The invention provides a history fitting prediction method based on dual dimensionality of time and space, wherein input data of a sample are a permeability field image and a relative permeability vector, and output data are a saturation field image and a pressure field image of a plurality of time stepsAnd (3) mixing the sample library with the following ratio: 1, dividing a training set and a test set in proportion; constructing a proxy model based on a deep convolutional encoder decoder neural network, considering dual dimensionality of time and space, and capturing a complex nonlinear mapping relation between input data and output data; training the constructed neural network model in the training set; using the root mean square error RMSE and the decision coefficient R in the test sample set2Evaluating the performance of the trained agent model; and optimizing the proxy model by a method of adding constraint on the well point on a loss function of the neural network model, and further calculating the oil well yield by using the Peacheman model according to the predicted pressure value and saturation value of the well point. The method greatly shortens the oil reservoir production prediction time.

Description

History fitting prediction method based on dual dimensionality of time and space
Technical Field
The invention relates to the technical field of artificial intelligence and machine learning, in particular to a history fitting prediction method based on dual dimensionality of time and space.
Background
The reservoir history fitting is based on a preliminary geological model, and model parameters such as permeability, relative permeability and the like are adjusted by using dynamic monitoring data such as a production curve and the like, so that a numerical simulation result is matched with the reservoir production history, and the established geological model is similar to a real reservoir model. The history fitting is the basis for optimizing subsequent oil reservoir production measures and has an important role in oil field development. History fitting is a computationally expensive problem because it requires running the reservoir numerical simulator multiple times to perform forward calculations during history fitting. For complex reservoirs, the grid variation of the reservoir model is up to millions or tens of millions, hours or even days are needed for one numerical simulation, and a plurality of simulations are needed to be run in the history fitting process, so that a great deal of time is needed for the process.

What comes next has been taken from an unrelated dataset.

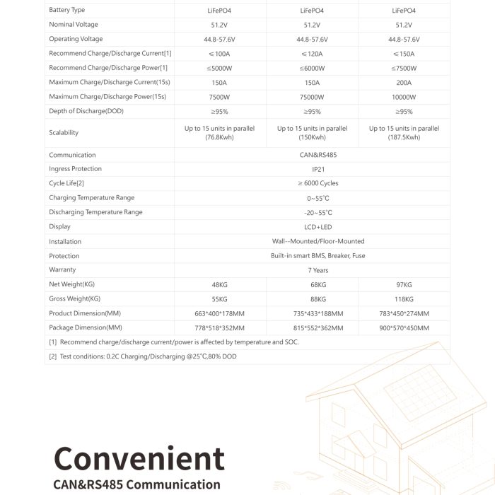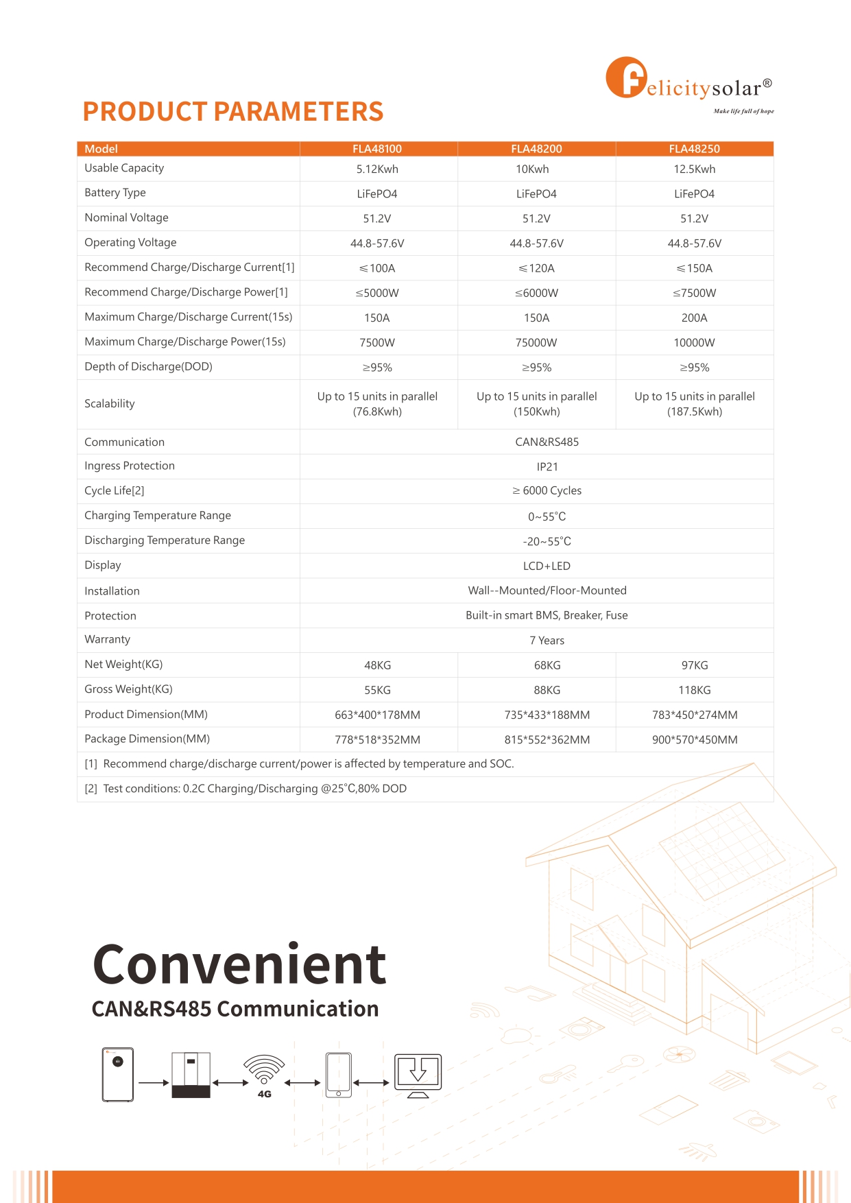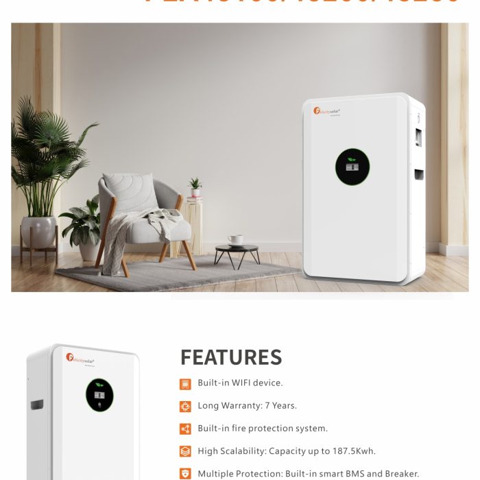 Bateria naścienna FLA, dzięki doskonałej wydajności, bezpieczeństwu i wygodnej instalacji, jest idealnym rozwiązaniem dla Twoich potrzeb energetycznych. Niezależnie od tego, czy chodzi o użytek domowy, komercyjny czy przemysłowy, bateria z serii FLA z łatwością spełni Twoje potrzeby. Zastosowanie zaawansowanej technologii LiFePO4 zapewnia, że akumulator ma wyższą gęstość energii i dłuższą żywotność. Nie ma potrzeby martwić się o niską moc lub częstą wymianę. Wbudowany inteligentny system BMS może monitorować stan baterii w czasie rzeczywistym, aby upewnić się, że bateria działa w bezpiecznym zakresie. Jest również wyposażony w wiele mechanizmów zabezpieczających, takich jak wyłączniki i bezpieczniki, aby jeszcze bardziej zwiększyć bezpieczeństwo akumulatora. Akumulatory o różnych pojemnościach można łączyć w zależności od rzeczywistych potrzeb, aby zaspokoić różne potrzeby w zakresie zasilania. Akumulator FLA 51,2 V 100 Ah o pojemności 5,12 kWh.

In recent years, along with the rapid development of big data and artificial intelligence industries, the intelligent construction of the petroleum industry is also steadily advancing, and the accumulation of a large amount of oil field production data provides a new idea for reservoir production prediction. The neural network agent model is adopted to replace an oil reservoir numerical simulator, so that the machine learning method can effectively save prediction time and improve prediction speed, and becomes a research hotspot at home and abroad. The main function of the proxy model is to search the intrinsic functions of geological parameters such as permeability parameters and model dynamic responses such as saturation distribution change yield change and the like, extract features from input data and then establish the mapping relation between model input data and model output data.
The existing oil reservoir production agent model can only consider spatial data, such as parameters changing along with space, such as permeability fields, irregular boundaries, effective grids and the like, and the processing method is to regard the spatial data as images, specifically express numerical values as pixel values on the images, and then adopt an image-to-image regression method for processing. Fluid parameters such as relative permeability, viscosity, gravity, etc. which do not vary spatially cannot be processed by the above-described methods.
Disclosure of Invention
The invention overcomes the defects in the prior art, the existing oil reservoir production agent model only can consider spatial data, the oil reservoir production agent model cannot be adopted for parameters changing along with space, and the traditional oil reservoir numerical simulation production prediction has the defects of more grids, large calculation amount and long time consumption.
The purpose of the invention is realized by the following technical scheme.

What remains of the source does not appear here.